技術メモ帳 - 二次元配列を列方向に処理 で、まず読み込みは素直にしておいて、得られた配列が、
ary = [[1,2,3],[4,5,6],[7,8,9]]
だったとして、さあ、そこからどうするか…というのを考えてみました。Ruby には transpose というのがあるので、これを使うのがよさそうです。
ary.transpose.collect{|row| row.inject(0){|s,e| s+e}} #=> [12, 15, 18]
Enumerable#sum というのがもし Ruby にあったなら、もっと直感的に書けそうですね。(念のため、Smalltalk の Collection >> #sum の定義は、このようにはなっていません。実際に定義をご覧になって、なぜなのかを考えてみるのも面白いでしょう。っても、メソッドのコメントにその“答え”そのものずばりが書いてあるのですが…(^_^;))

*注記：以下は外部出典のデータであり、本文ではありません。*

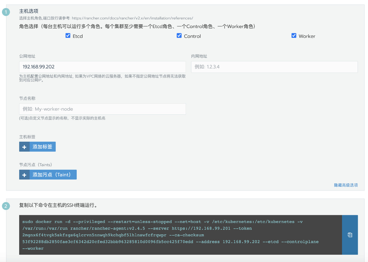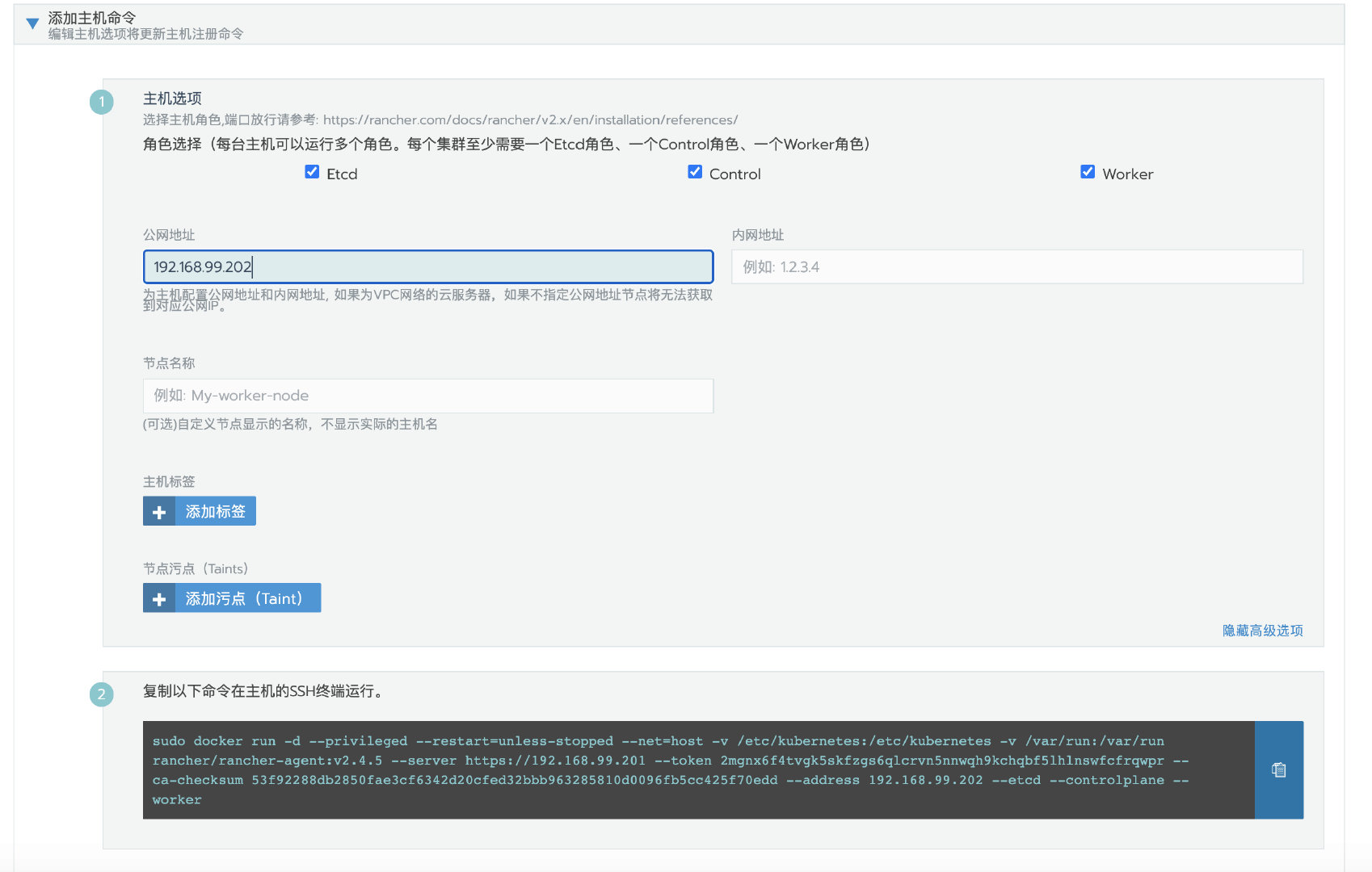 比如我的环境有两个节点,分别具有全部和Worker角色
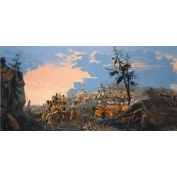 Papier peint Panoramique représentant la victoire de Napoleon à Austerlitz. Cette bataille oppose la Grande Armée de l'Empire commandée par Napoléon Ier, sacré empereur des Français un an auparavant, aux troupes Autrichienne et à l'armee russe.
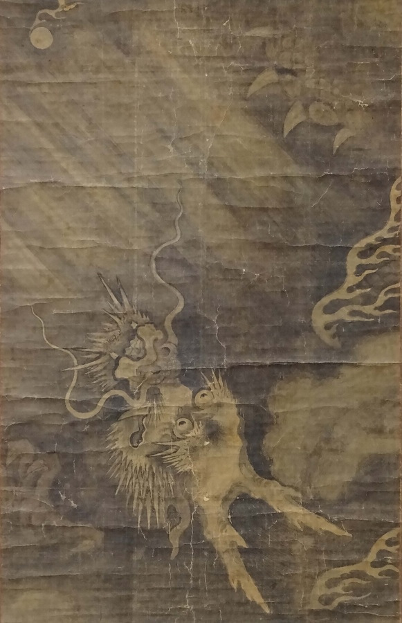 雲の中から空を仰ぐ大幅の龍図である。極2枚が付属する。大正期までの毛利家の道具帳に記載があり、昭和期に流出したものと推測される。
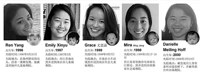 1992年,女婴潘甜甜被人遗弃在扬州一座公园内。送到扬州市儿童福利院后,她被一位美国女士领养。长大后的潘甜甜考取了哈佛大学政治系,如今供职于美国一家研究所。有着相似经历的,还有美国华裔女孩杨思浓。
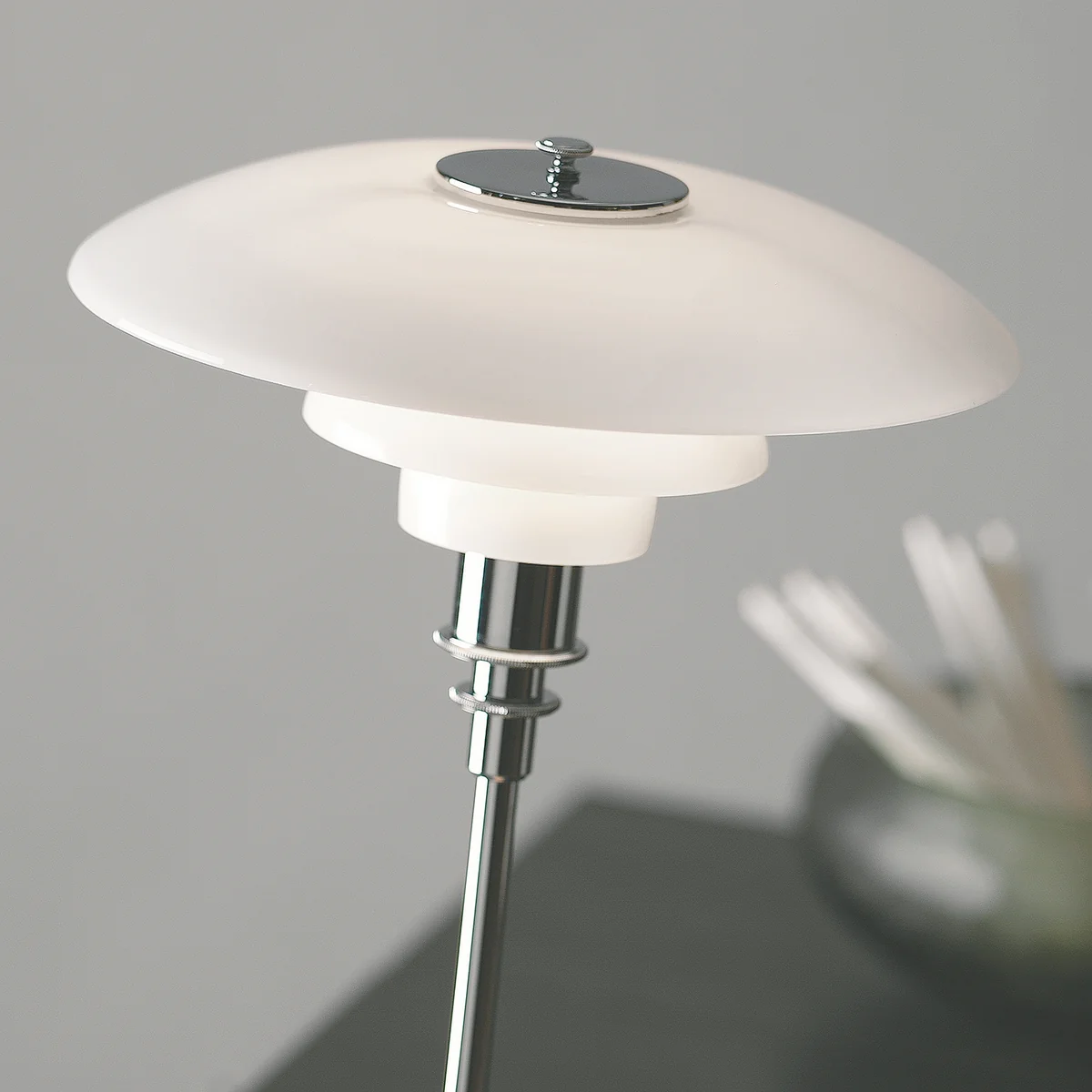 De lampenkap is ontworpen volgens het principe van een reflecterend drievoudig systeem, zodat het grootste deel van het licht naar beneden gericht is en dus zonder schittering wordt uitgestraald. De armatuur is gemaakt van handgeblazen, geopaliseerd glas met een matte binnenzijde en bevordert een diffuse lichtverdeling. Dit maakt de Louis Poulsen vloerlamp tot een welkome metgezel in het woongedeelte, waar het een huiselijke sfeer creëert naast de bank of de fauteuil.

module Enumerable def sum inject(0){|s,e| s+e} end end
ary.transpose.collect{|row| row.sum}
さて。我らが Smalltalk ではどうか?
Ruby と異なり、Smalltalk では Collection >> #+ が対応する各要素の和を要素に持つ配列を返します。(余談ですが、Smalltalk-76 のころまでは Smalltalk も Ruby と同じ仕様でした…)
#Ruby [1,2,3] + [4,5,6] #=> [1,2,3,4,5,6]
"Smalltalk" #(1 2 3) + #(4 5 6) " => #(5 7 9) "
ちなみに、連結させたいときには、#, という名前のメソッドをレシーバに起動させます。
"Smalltalk" #(1 2 3) , #(4 5 6) " => #(1 2 3 4 5 6) "
この #+ の振る舞いを利用すると、Smalltalk で、くだんの処理は #inject:into: を用い、これまた #inject:into: の使い方としてはごくありふれた記述として…、次のように書くことができます。
| array | array := #((1 2 3) (4 5 6) (7 8 9)). array inject: #(0 0 0) into: [:sum :each | sum + each]
=> #(12 15 18)
さらに、Smalltalk には #sum がすでにあるので、
#((1 2 3) (4 5 6) (7 8 9)) sum
と書いて済ませてしまうほうがクールでしょう。ただし、ここで起動される #sum は、なにも二次元配列専用のメソッドだというわけではない点に注意してください。
#(1 2 3 4 5 6 7 8 9 10) sum " => 55 "
{1@1. 2@2. 3@3. 4@4. 5@5} sum " => 15@15 "
このように普遍的な記述が可能で、もちろんそれに対する期待通りの結果を返してきてくれることの背景には、前述の Collection >> #+ の振る舞いが大きく係わっています。それとからめて Collection >> #+ は、その実装の方法も面白いので、興味のあるかたは是非、定義を見てみてください。「+」を(必要ならタイプして入力後、)選択して、browse it(cmd/alt + b)か、implementors of it(cmd/alt + m)でブラウザが開くので、#+ メソッドの一覧から Collection >> #+ を選べば呼び出せます。
いわゆる“ダブルディスパッチ”という手法が使われています。